*** Opening STORED DATA ***

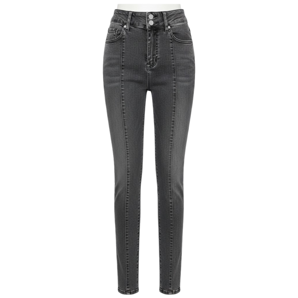 بنطال نسائي بقصة ضيقة، يتميز بتصميم عصري يبرز قوام الجسم مع تفاصيل خياطة طولية أمامية تمنح مظهراً أكثر طولاً وأناقة.
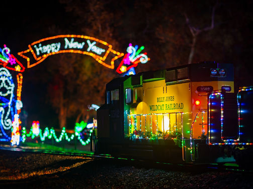 Ride aboard the Annual Holiday Train through the Fantasy of Lights show in Vasona Park.
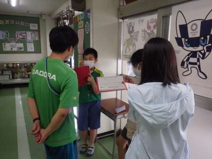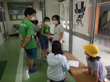 自分の担任の先生が、急に6年生に話しかけられている姿を見て、1年生も興味津々です。(黄色い帽子)

*** Closing STORED DATA ***

TASK —
Drop the images and return the data verbatim.

EXERCISE OUTPUT —
 بنطال نسائي بقصة ضيقة، يتميز بتصميم عصري يبرز قوام الجسم مع تفاصيل خياطة طولية أمامية تمنح مظهراً أكثر طولاً وأناقة.
 Ride aboard the Annual Holiday Train through the Fantasy of Lights show in Vasona Park.
 自分の担任の先生が、急に6年生に話しかけられている姿を見て、1年生も興味津々です。(黄色い帽子)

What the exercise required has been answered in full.